The 'diaspora' was linked to the growth of political maturity in the community, and to the more critical role played by the media. David Ford, as DIS, had publicly stated that, because of the limitations on democratic development, the press had to serve as the 'opposition' in Hong Kong.

The creation of departmental public relations units also coincided with a major review of government's information policy in the early '70s, which in turn arose from a group of management consultants' recommendations to strengthen and reinforce the overall structure of the administration.

The Central Government Offices acquired their first Secretariat Press Officer in 1972, accompanying Jack Cater in the newly-established post of Information Secretary. Cater was already familiar with ISD's operations as a result of overseeing the government's response to the 1967 disturbances. The following year responsibility for information policy was absorbed within his wider ambit as the first Secretary for Home Affairs. In late 1973 he was succeeded by Denis Bray. David Ford moved from ISD to become Bray's Deputy Secretary for Information, later becoming Secretary for Information and eventually Chief Secretary, the last Briton to fill the post.

Other departmental information units were set up in the Police, and in Labour, Social Welfare and Resettlement Departments. The momentum was accelerating so fast that by the end of 1972 there were a further five in operation.

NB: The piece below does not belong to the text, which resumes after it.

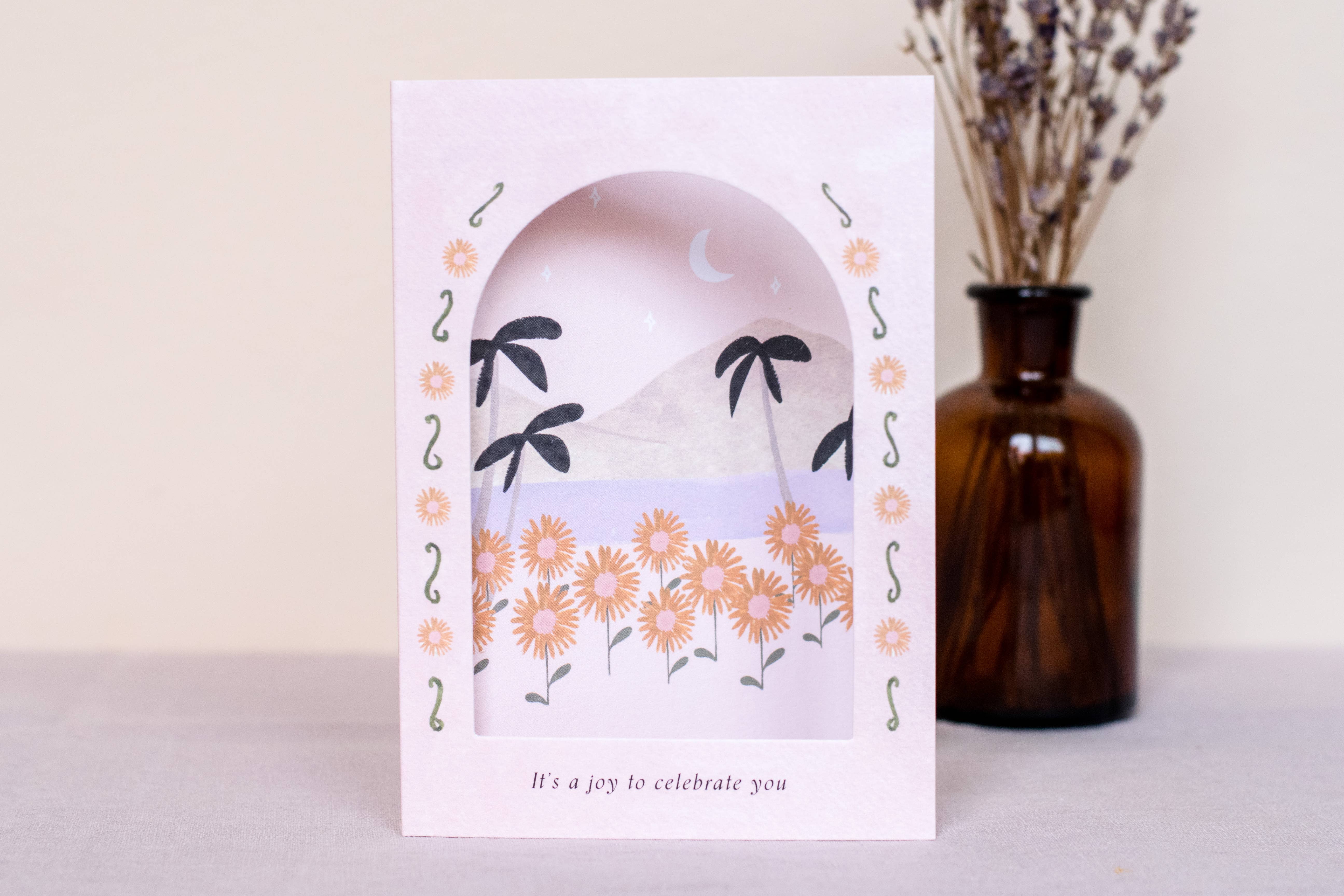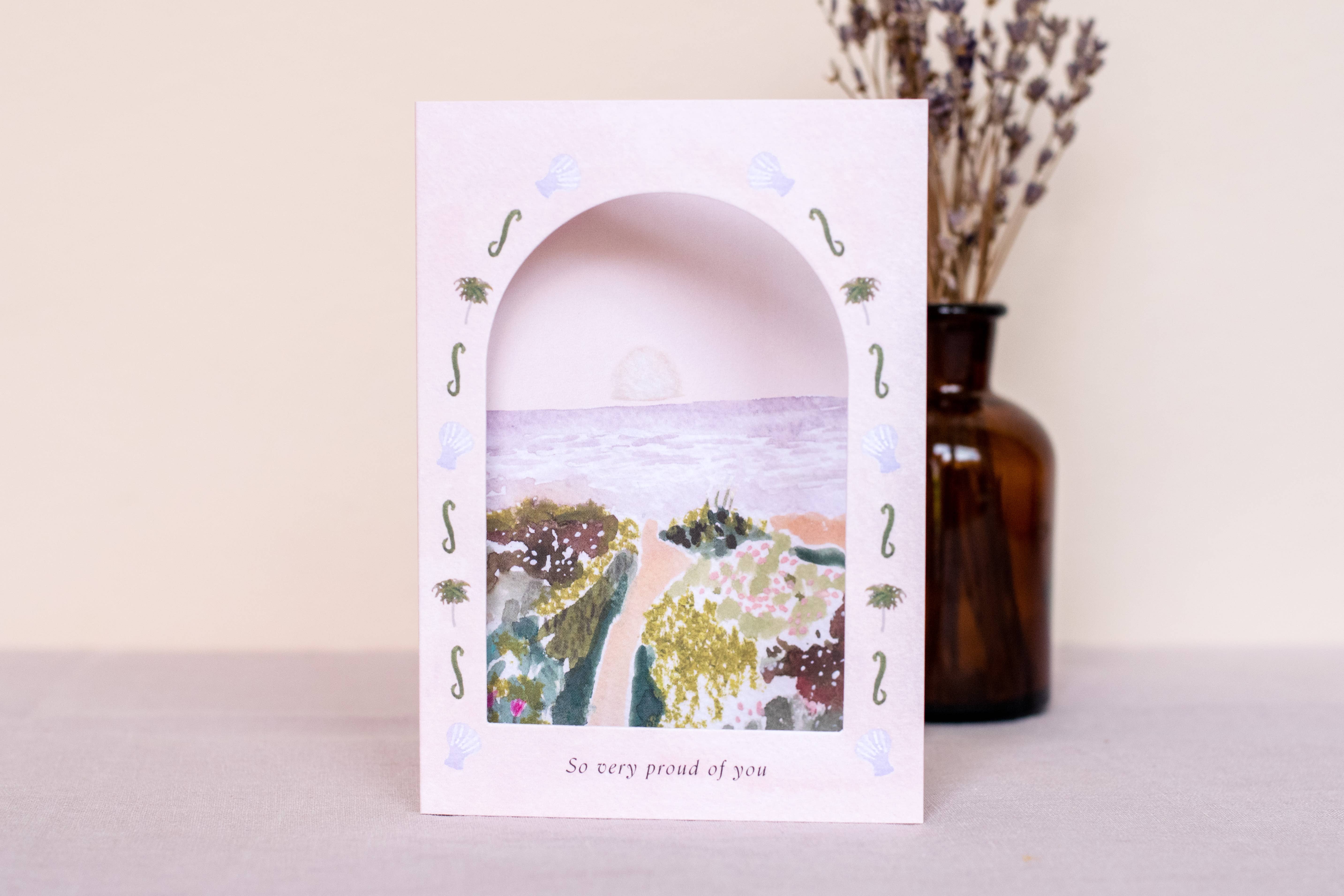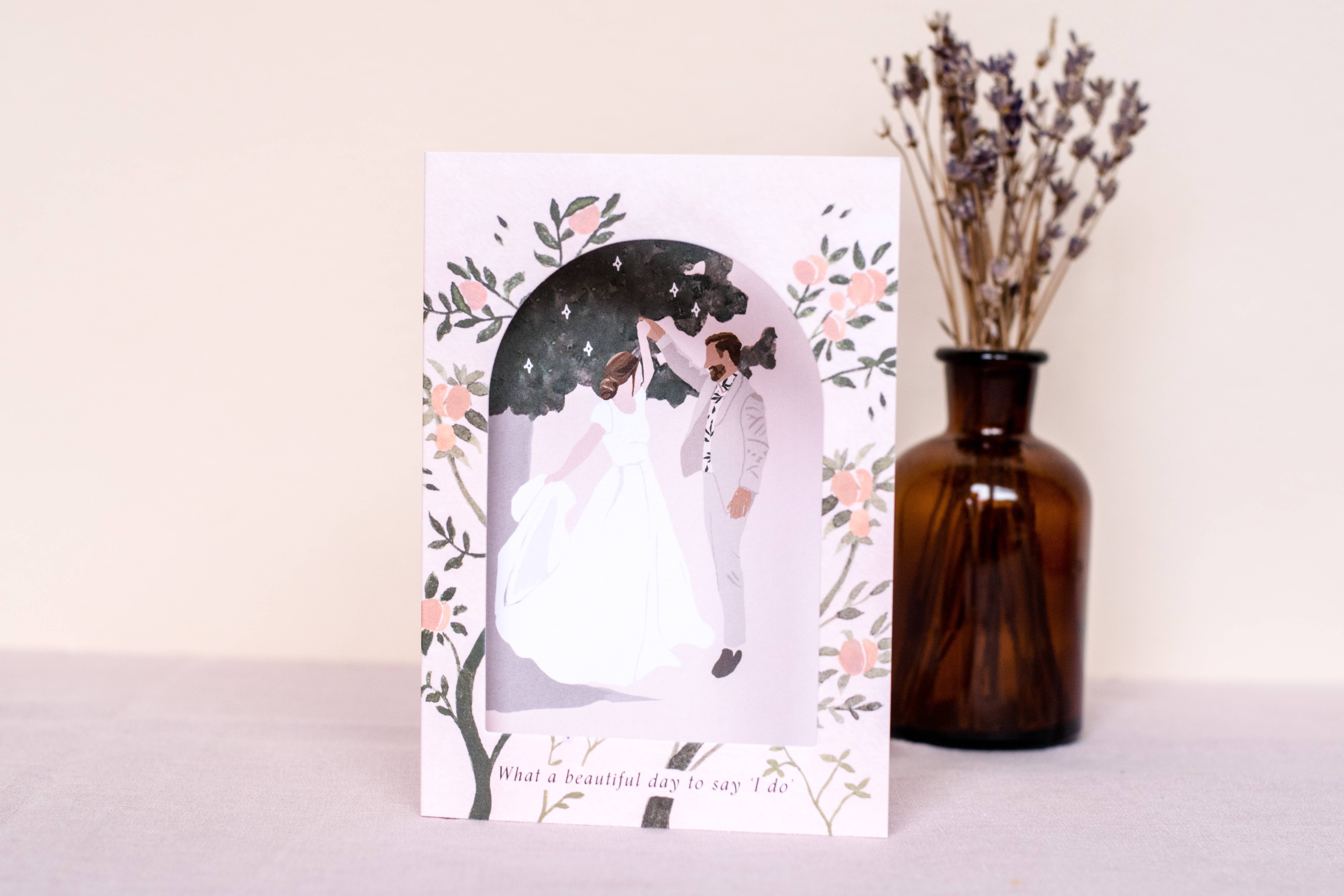 Wonderfully unique arch window greeting card printed on luxury FSC 'kind to the forest' card. Blank on reverse to leave lots of room for loving words. Each card comes with a luxury envelope in a biodegrable and compostable sleeve. Designed, printed and packed in England. Minimum order 6 per design.

At first the move met with resistance from certain department heads. They resented having to find space to accommodate personnel seconded from ISD, and resented even more the idea that they were in need of advice on how to handle their public relations. Even when they grudgingly acquiesced to such 'infiltration', the information officers seconded to them were given little or no familiarisation, or indeed encouragement to discover where their services might be required.

While some seconded staff found their new assignments heavy going, others quickly established an almost unhealthy relationship with their hosts, and saw fit to declare virtual autonomy from ISD, much to the alarm and chagrin of the latter's directorate.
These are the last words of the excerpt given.